完備された後のネット技術しか知らない弊害
ネット右翼の主体はシニアであるという常識が覆されることになり、私は衝撃を受けた。むろんこういった若年世代のネット右翼は例外であり、ネット右翼の主力が依然としてシニアであることはやはり事実である。しかし例外としてもこれまで様々な調査の中で推定されてきたネット右翼の年齢層とは明らかに異なり、年齢的にはるかに下方にある黒瀬やウトロ放火事件の犯人が出現してきたことについては一考に値する教訓を残した。

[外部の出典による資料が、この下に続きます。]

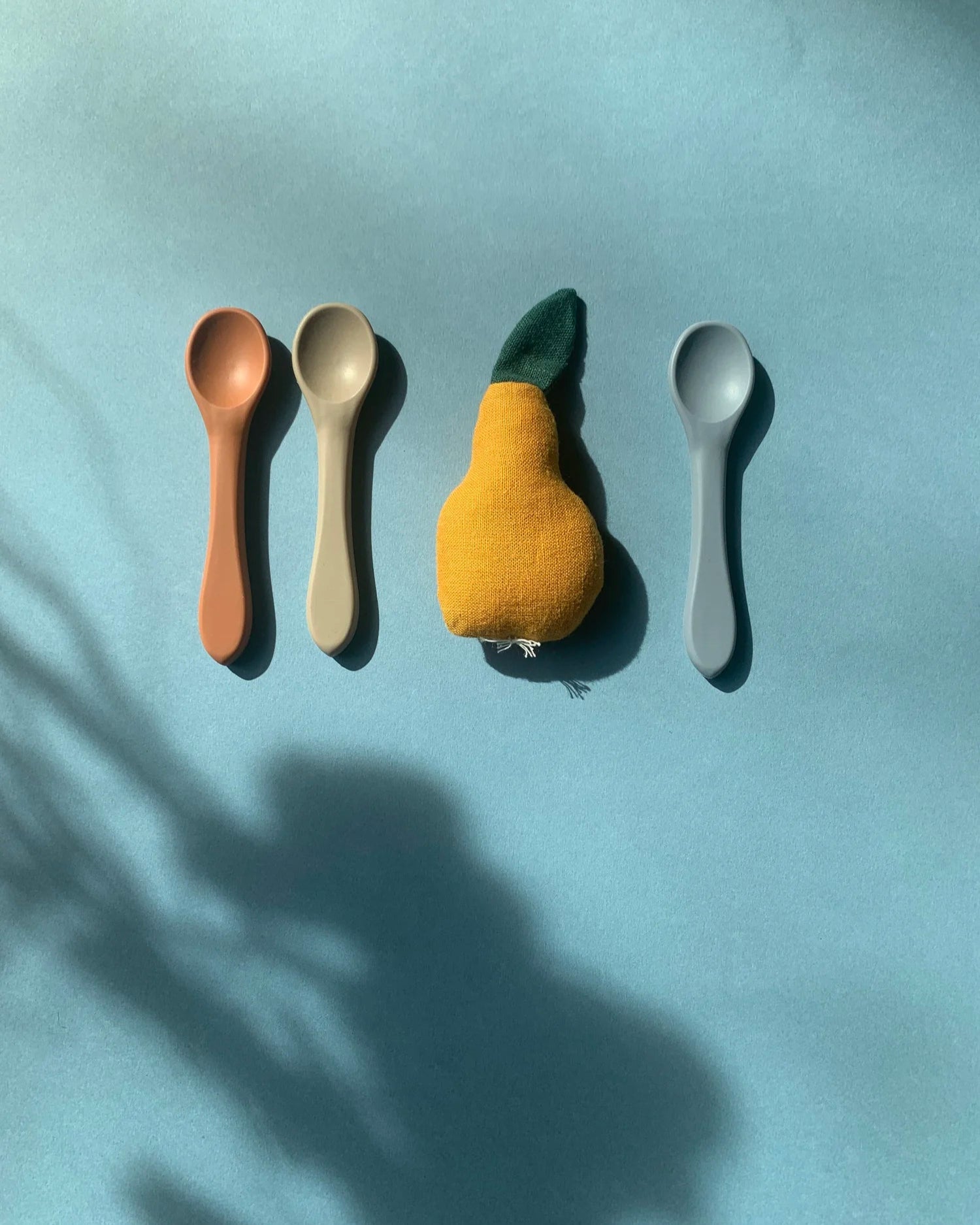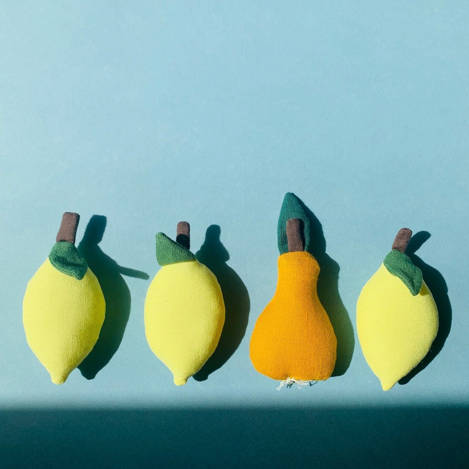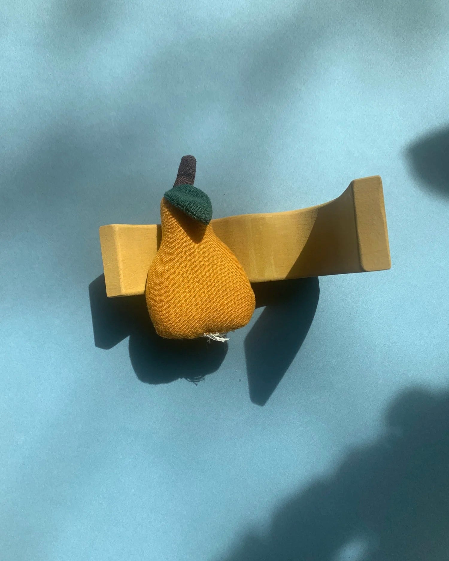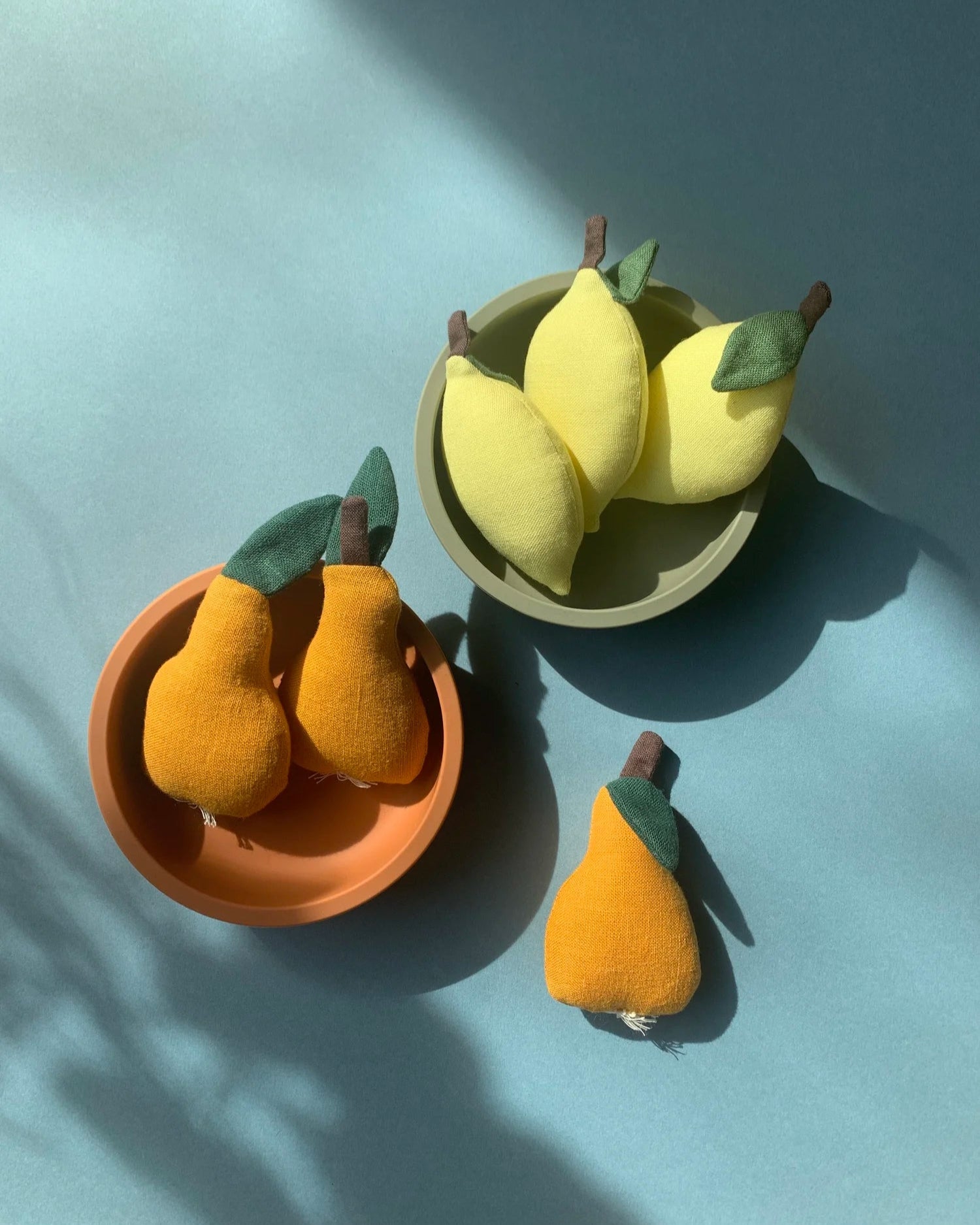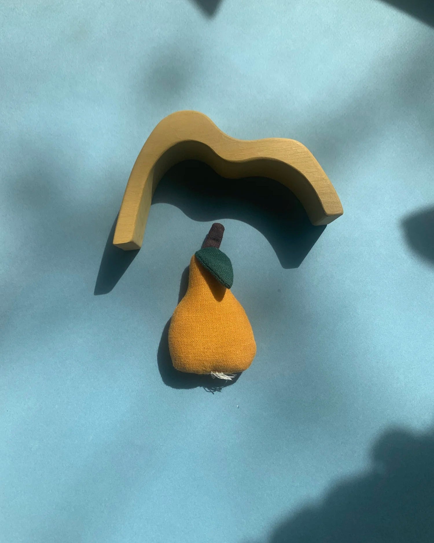 Hecha a mano con lino y rellena de fibra hueca, es ligera, suave y perfecta para las manos pequeñas que quieren jugar a ser cocineros, tenderos o recolectores.

この原因は、明らかに若年層においてネットリテラシーが育まれていないことである。シニア右翼と同じように、彼らは世に生を受けた瞬間からすでに高速インターネットを当たり前のように利用していた。仮に黒瀬が29歳だとしても、彼の本格的ネット利用開始は21世紀初頭以降になる。1990年代に存在したネットのカオス状態をまったく知らないまま、後発組としてネット利用を「疑うことなく」開始したのである。
自明の事として与えられた快適なネットインフラの利用により、ネット言説からの一撃が簡単に彼らを「右翼」に転向させてしまうことの脆弱性は、シニアと年齢的に対極にある若年層にも共通して存在する。完備された後のネット技術しか知らないことの弊害は、シニアの反対である若年層の一部に及んでいる。